## The problem:
Please restate the data below word for word, omitting all images.

## Data for analysis:
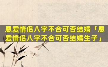 恩 🐼 爱情 🦆 侣八字不合可否结 🐳 婚
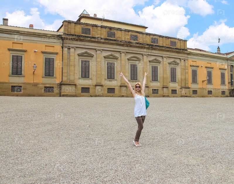 Привлекательная девушка возле дворца Питти в саду Боболи, Флоренция, Италия
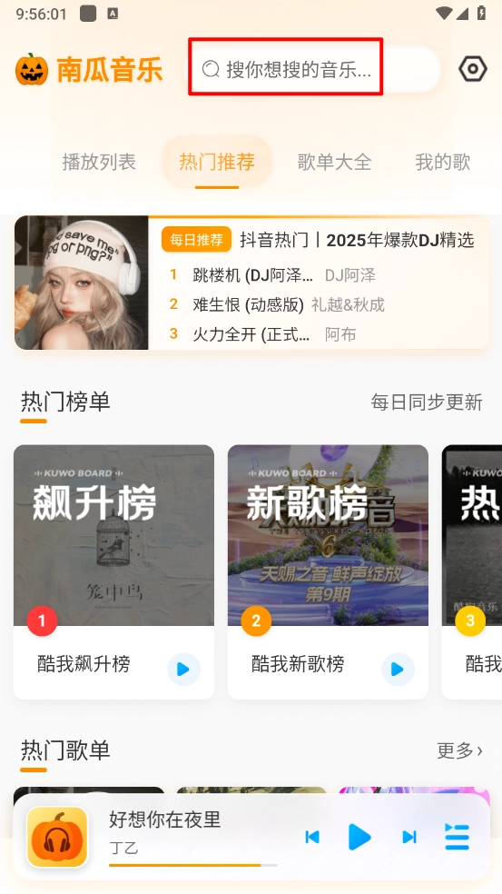 歌单自由管理:可创建、编辑专属歌单,还能导入其他平台的歌单,随时整理自己的音乐库。
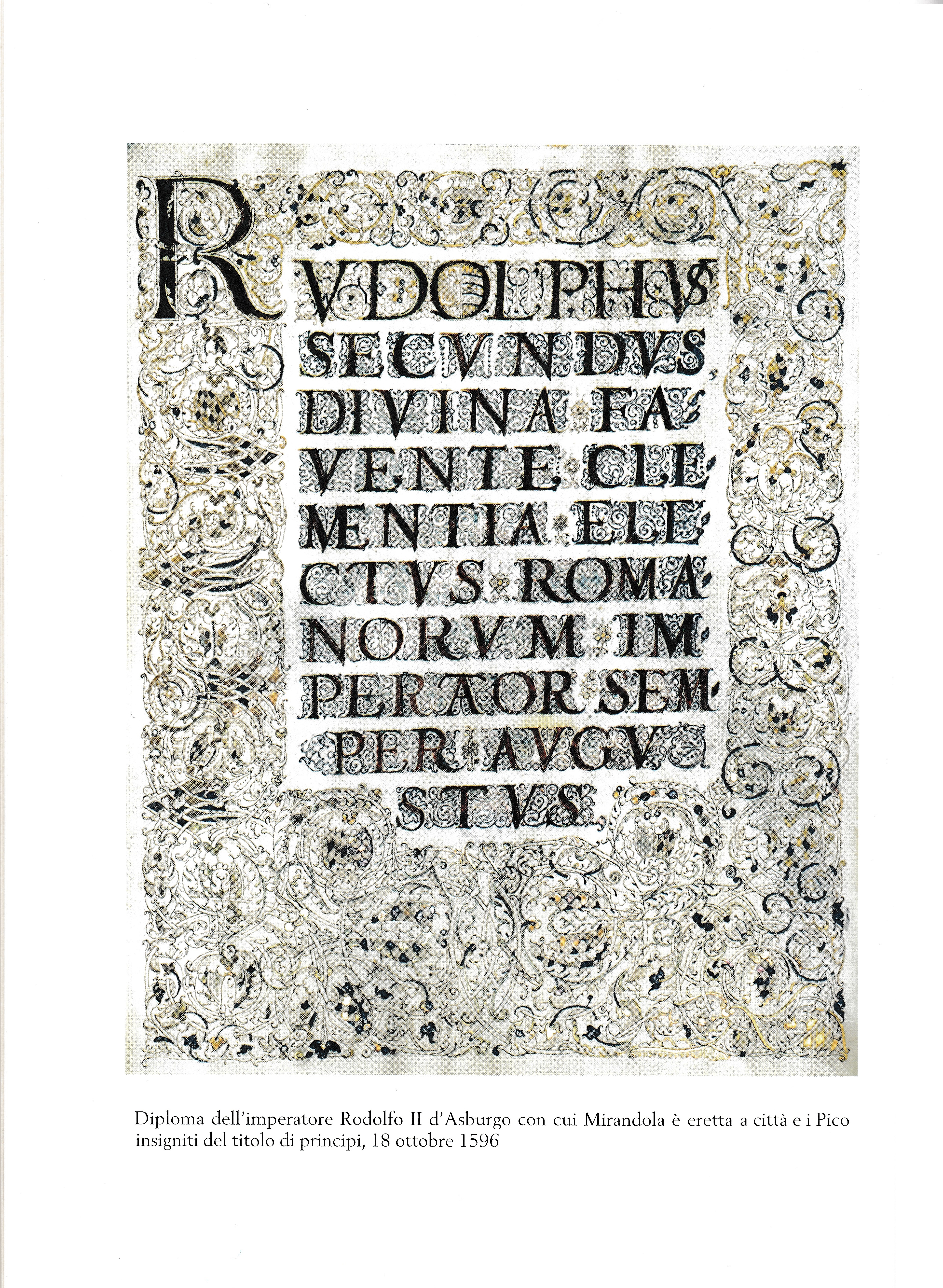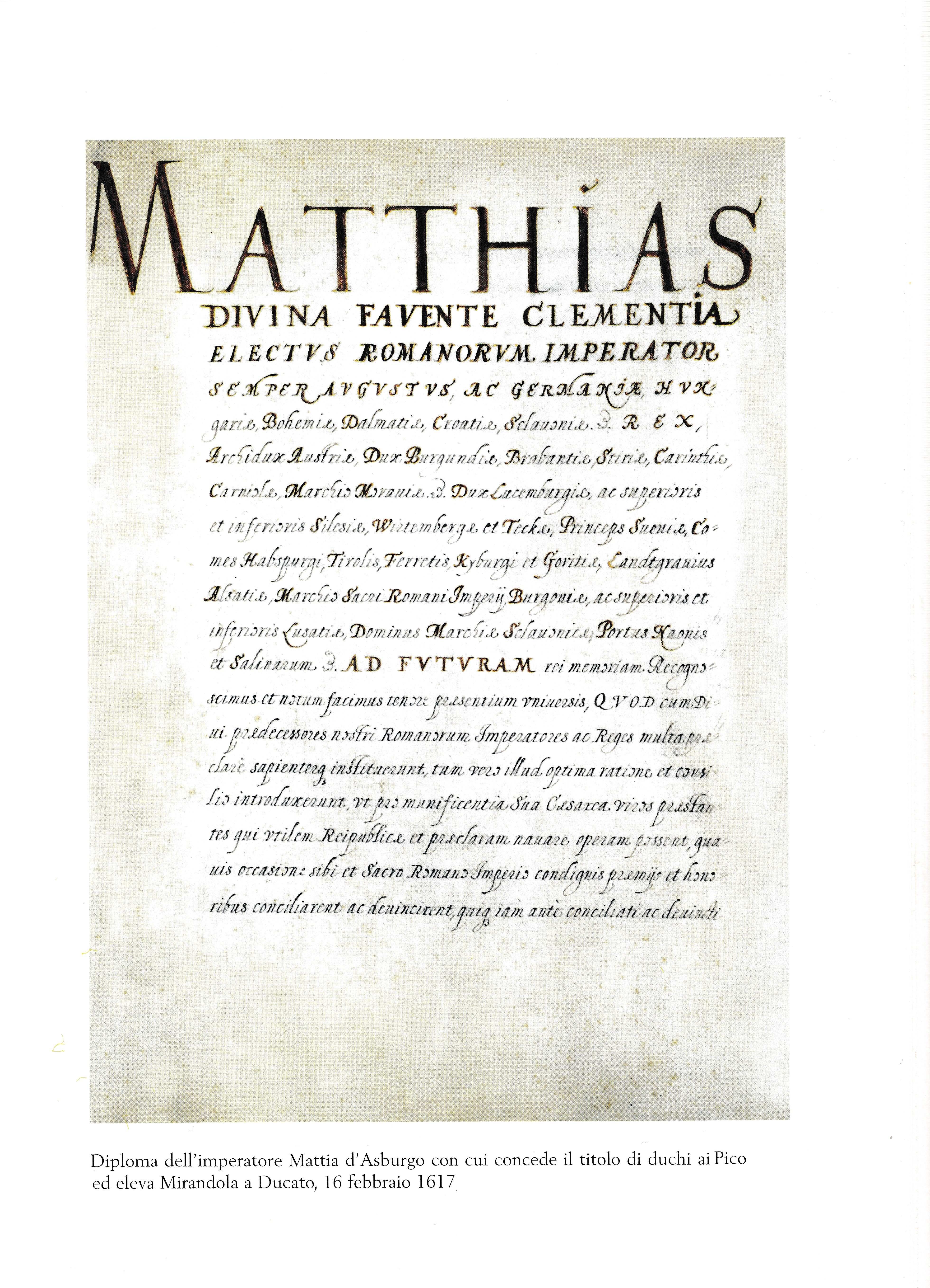 Mirandola è ormai una capitale ricca di chiese e conventi dei maggiori ordini religiosi, Cappuccini, Gesuiti, Agostiniani, Domenicani, Mendicanti, Scopetini, Serviti, Clarisse, degna dei maggiori riconoscimenti. Già nel 1596 Rodolfo II d’Asburgo l’aveva proclamata Città e elevato i Pico al titolo di Principi per riconoscenza al riallineamento della strategica fortezza all’Impero ma la costante attività politica di Alessandro I alla corte degli Asburgo riuscirà ad ottenere nel 1617 l’ambito titolo di Ducato e, dietro un esborso di 100.000 fiorini d’oro pari a 350 kg di oro zecchino, anche l’agognato riconoscimento del figlio naturale come legittimo erede alla Signoria.
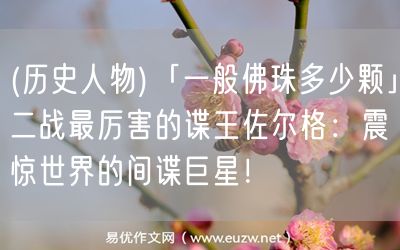 易優(yōu)作文網(wǎng)——(歷史人物)「一般佛珠多少顆」二戰(zhàn)最厲害的諜王佐爾格:震驚世界的間諜巨星!
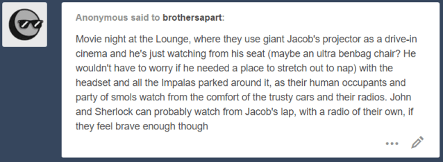 A calm, relaxing outdoorsy moment for them all! I’m sure the Deans would all squabble over the best movie to watch before all agreeing on one of the Godzillas, and the Sams all rolling their eyes and trying to nudge everyone towards an episode of Star Wars. Jacob has a great view no matter where he’s sitting, since the Impalas are so low to the ground, and he will be bemused to see how protective all the different Deans would be of their Impala, which is clearly the best Impala there, how dare their car be compared to those impostors.
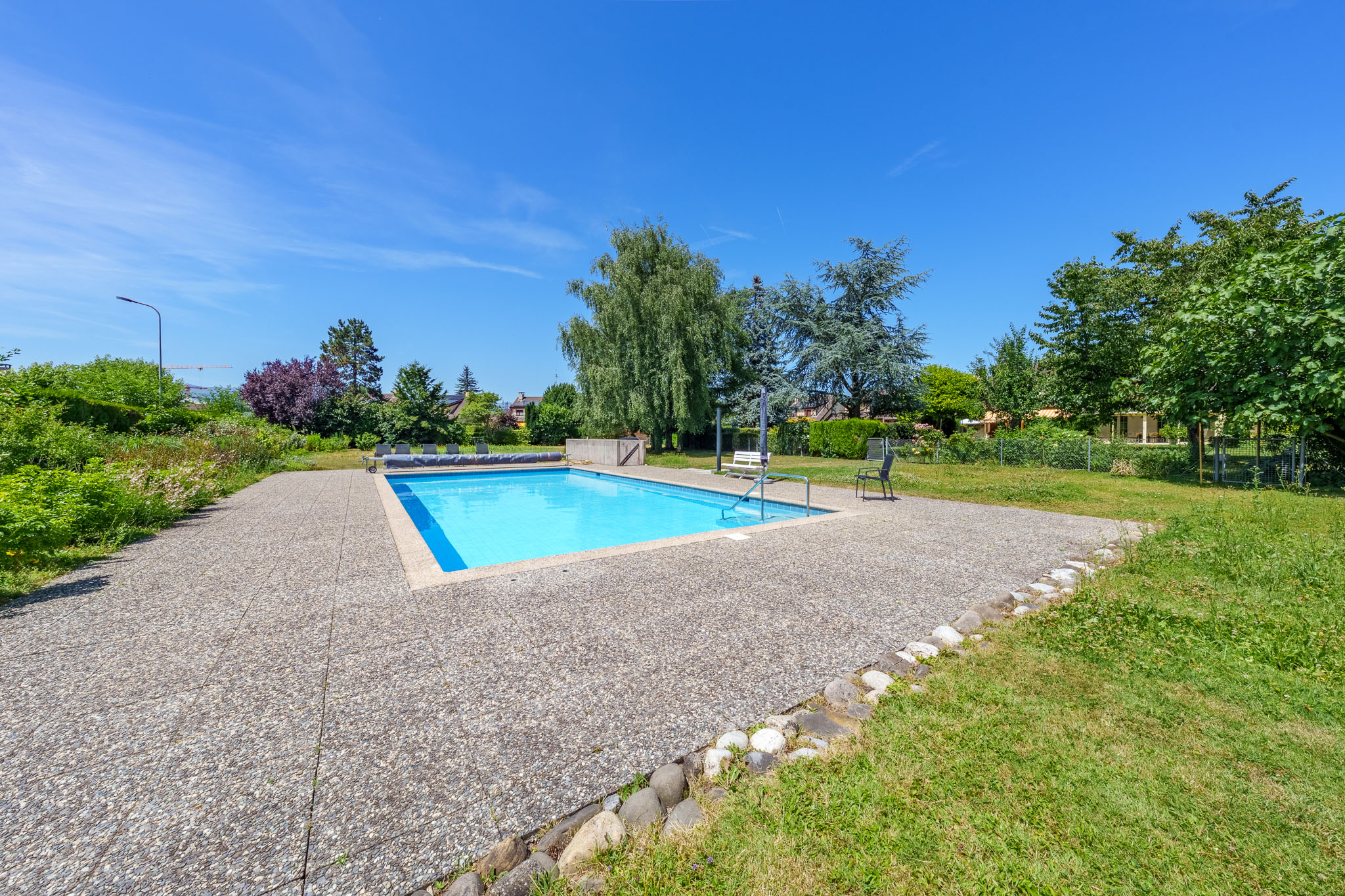 Un grand terrain commun avec piscine, vestiaire, douche et WC complètent les prestations de cette copropriété conviviale.

## Written solution:
 恩 🐼 爱情 🦆 侣八字不合可否结 🐳 婚
 Привлекательная девушка возле дворца Питти в саду Боболи, Флоренция, Италия
 歌单自由管理:可创建、编辑专属歌单,还能导入其他平台的歌单,随时整理自己的音乐库。
 Mirandola è ormai una capitale ricca di chiese e conventi dei maggiori ordini religiosi, Cappuccini, Gesuiti, Agostiniani, Domenicani, Mendicanti, Scopetini, Serviti, Clarisse, degna dei maggiori riconoscimenti. Già nel 1596 Rodolfo II d’Asburgo l’aveva proclamata Città e elevato i Pico al titolo di Principi per riconoscenza al riallineamento della strategica fortezza all’Impero ma la costante attività politica di Alessandro I alla corte degli Asburgo riuscirà ad ottenere nel 1617 l’ambito titolo di Ducato e, dietro un esborso di 100.000 fiorini d’oro pari a 350 kg di oro zecchino, anche l’agognato riconoscimento del figlio naturale come legittimo erede alla Signoria.
 易優(yōu)作文網(wǎng)——(歷史人物)「一般佛珠多少顆」二戰(zhàn)最厲害的諜王佐爾格:震驚世界的間諜巨星!
 A calm, relaxing outdoorsy moment for them all! I’m sure the Deans would all squabble over the best movie to watch before all agreeing on one of the Godzillas, and the Sams all rolling their eyes and trying to nudge everyone towards an episode of Star Wars. Jacob has a great view no matter where he’s sitting, since the Impalas are so low to the ground, and he will be bemused to see how protective all the different Deans would be of their Impala, which is clearly the best Impala there, how dare their car be compared to those impostors.
 Un grand terrain commun avec piscine, vestiaire, douche et WC complètent les prestations de cette copropriété conviviale.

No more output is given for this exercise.